▶ [PROBLEM TO WORK ON] In the entries that follow, find the line containing "Shakespeare in Love"; from there, copy every line exactly through the line containing "Figure-5: Tablet Hardness-Tester".

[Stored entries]
^^^^

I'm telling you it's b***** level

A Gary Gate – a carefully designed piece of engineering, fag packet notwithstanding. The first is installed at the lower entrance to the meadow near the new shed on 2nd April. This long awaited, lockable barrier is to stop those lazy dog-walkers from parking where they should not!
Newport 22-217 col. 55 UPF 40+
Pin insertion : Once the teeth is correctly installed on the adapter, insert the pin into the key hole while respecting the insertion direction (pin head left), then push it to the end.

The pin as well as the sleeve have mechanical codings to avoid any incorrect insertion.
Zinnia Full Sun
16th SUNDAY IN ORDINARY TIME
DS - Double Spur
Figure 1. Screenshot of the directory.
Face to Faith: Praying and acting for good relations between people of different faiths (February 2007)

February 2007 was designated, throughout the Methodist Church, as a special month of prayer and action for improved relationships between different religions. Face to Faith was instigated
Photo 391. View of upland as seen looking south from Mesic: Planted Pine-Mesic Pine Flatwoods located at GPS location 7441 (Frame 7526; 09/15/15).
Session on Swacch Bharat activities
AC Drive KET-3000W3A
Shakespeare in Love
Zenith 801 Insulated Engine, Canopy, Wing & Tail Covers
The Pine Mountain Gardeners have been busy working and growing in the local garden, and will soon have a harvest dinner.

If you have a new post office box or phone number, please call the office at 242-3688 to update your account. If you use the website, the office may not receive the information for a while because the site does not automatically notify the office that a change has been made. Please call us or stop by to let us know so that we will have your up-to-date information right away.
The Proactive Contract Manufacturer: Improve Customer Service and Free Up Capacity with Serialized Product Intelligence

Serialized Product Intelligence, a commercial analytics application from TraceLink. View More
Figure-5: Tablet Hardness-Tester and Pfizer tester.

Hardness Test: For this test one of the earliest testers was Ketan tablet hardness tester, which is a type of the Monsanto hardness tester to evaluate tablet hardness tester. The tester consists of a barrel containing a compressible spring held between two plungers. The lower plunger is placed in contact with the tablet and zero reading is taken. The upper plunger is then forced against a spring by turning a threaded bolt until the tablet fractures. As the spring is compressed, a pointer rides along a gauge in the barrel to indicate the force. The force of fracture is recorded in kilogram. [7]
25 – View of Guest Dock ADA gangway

^^^^

▶ [COMPLETED EXERCISE]
Shakespeare in Love
Zenith 801 Insulated Engine, Canopy, Wing & Tail Covers
The Pine Mountain Gardeners have been busy working and growing in the local garden, and will soon have a harvest dinner.

If you have a new post office box or phone number, please call the office at 242-3688 to update your account. If you use the website, the office may not receive the information for a while because the site does not automatically notify the office that a change has been made. Please call us or stop by to let us know so that we will have your up-to-date information right away.
The Proactive Contract Manufacturer: Improve Customer Service and Free Up Capacity with Serialized Product Intelligence

Serialized Product Intelligence, a commercial analytics application from TraceLink. View More
Figure-5: Tablet Hardness-Tester and Pfizer tester.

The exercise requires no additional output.